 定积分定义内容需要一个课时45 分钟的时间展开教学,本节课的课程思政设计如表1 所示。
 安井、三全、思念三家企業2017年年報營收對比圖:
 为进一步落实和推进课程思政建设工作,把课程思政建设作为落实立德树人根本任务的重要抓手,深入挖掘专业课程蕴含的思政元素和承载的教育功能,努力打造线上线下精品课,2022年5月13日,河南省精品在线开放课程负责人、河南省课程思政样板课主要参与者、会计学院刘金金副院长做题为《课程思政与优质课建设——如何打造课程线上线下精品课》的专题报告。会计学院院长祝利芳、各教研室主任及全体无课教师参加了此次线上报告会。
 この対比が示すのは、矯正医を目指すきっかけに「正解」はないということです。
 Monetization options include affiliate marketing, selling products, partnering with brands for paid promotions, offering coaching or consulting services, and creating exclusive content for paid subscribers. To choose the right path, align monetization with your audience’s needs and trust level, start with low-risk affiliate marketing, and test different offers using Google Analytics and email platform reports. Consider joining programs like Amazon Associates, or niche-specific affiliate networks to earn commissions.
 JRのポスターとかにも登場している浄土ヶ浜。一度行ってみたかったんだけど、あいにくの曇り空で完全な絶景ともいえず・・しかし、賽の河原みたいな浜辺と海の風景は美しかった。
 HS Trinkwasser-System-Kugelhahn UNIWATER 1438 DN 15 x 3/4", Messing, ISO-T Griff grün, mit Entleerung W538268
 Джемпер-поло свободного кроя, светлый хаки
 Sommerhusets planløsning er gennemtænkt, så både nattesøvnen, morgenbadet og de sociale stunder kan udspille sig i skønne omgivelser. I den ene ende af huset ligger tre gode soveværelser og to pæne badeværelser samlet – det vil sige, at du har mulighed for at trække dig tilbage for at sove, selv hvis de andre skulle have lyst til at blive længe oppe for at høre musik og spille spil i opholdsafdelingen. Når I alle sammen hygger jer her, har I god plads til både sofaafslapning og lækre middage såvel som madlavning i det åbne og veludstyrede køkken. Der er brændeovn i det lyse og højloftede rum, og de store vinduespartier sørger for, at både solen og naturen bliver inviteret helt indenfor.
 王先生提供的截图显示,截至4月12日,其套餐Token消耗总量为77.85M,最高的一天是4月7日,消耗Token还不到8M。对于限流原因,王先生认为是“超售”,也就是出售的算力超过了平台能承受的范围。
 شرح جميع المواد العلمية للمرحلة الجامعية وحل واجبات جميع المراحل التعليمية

• PROBLEM TO WORK ON
Copy down the material exactly as written.

• EXERCISE RESULT
 定积分定义内容需要一个课时45 分钟的时间展开教学,本节课的课程思政设计如表1 所示。
 安井、三全、思念三家企業2017年年報營收對比圖:
 为进一步落实和推进课程思政建设工作,把课程思政建设作为落实立德树人根本任务的重要抓手,深入挖掘专业课程蕴含的思政元素和承载的教育功能,努力打造线上线下精品课,2022年5月13日,河南省精品在线开放课程负责人、河南省课程思政样板课主要参与者、会计学院刘金金副院长做题为《课程思政与优质课建设——如何打造课程线上线下精品课》的专题报告。会计学院院长祝利芳、各教研室主任及全体无课教师参加了此次线上报告会。
 この対比が示すのは、矯正医を目指すきっかけに「正解」はないということです。
 Monetization options include affiliate marketing, selling products, partnering with brands for paid promotions, offering coaching or consulting services, and creating exclusive content for paid subscribers. To choose the right path, align monetization with your audience’s needs and trust level, start with low-risk affiliate marketing, and test different offers using Google Analytics and email platform reports. Consider joining programs like Amazon Associates, or niche-specific affiliate networks to earn commissions.
 JRのポスターとかにも登場している浄土ヶ浜。一度行ってみたかったんだけど、あいにくの曇り空で完全な絶景ともいえず・・しかし、賽の河原みたいな浜辺と海の風景は美しかった。
 HS Trinkwasser-System-Kugelhahn UNIWATER 1438 DN 15 x 3/4", Messing, ISO-T Griff grün, mit Entleerung W538268
 Джемпер-поло свободного кроя, светлый хаки
 Sommerhusets planløsning er gennemtænkt, så både nattesøvnen, morgenbadet og de sociale stunder kan udspille sig i skønne omgivelser. I den ene ende af huset ligger tre gode soveværelser og to pæne badeværelser samlet – det vil sige, at du har mulighed for at trække dig tilbage for at sove, selv hvis de andre skulle have lyst til at blive længe oppe for at høre musik og spille spil i opholdsafdelingen. Når I alle sammen hygger jer her, har I god plads til både sofaafslapning og lækre middage såvel som madlavning i det åbne og veludstyrede køkken. Der er brændeovn i det lyse og højloftede rum, og de store vinduespartier sørger for, at både solen og naturen bliver inviteret helt indenfor.
 王先生提供的截图显示,截至4月12日,其套餐Token消耗总量为77.85M,最高的一天是4月7日,消耗Token还不到8M。对于限流原因,王先生认为是“超售”,也就是出售的算力超过了平台能承受的范围。
 شرح جميع المواد العلمية للمرحلة الجامعية وحل واجبات جميع المراحل التعليمية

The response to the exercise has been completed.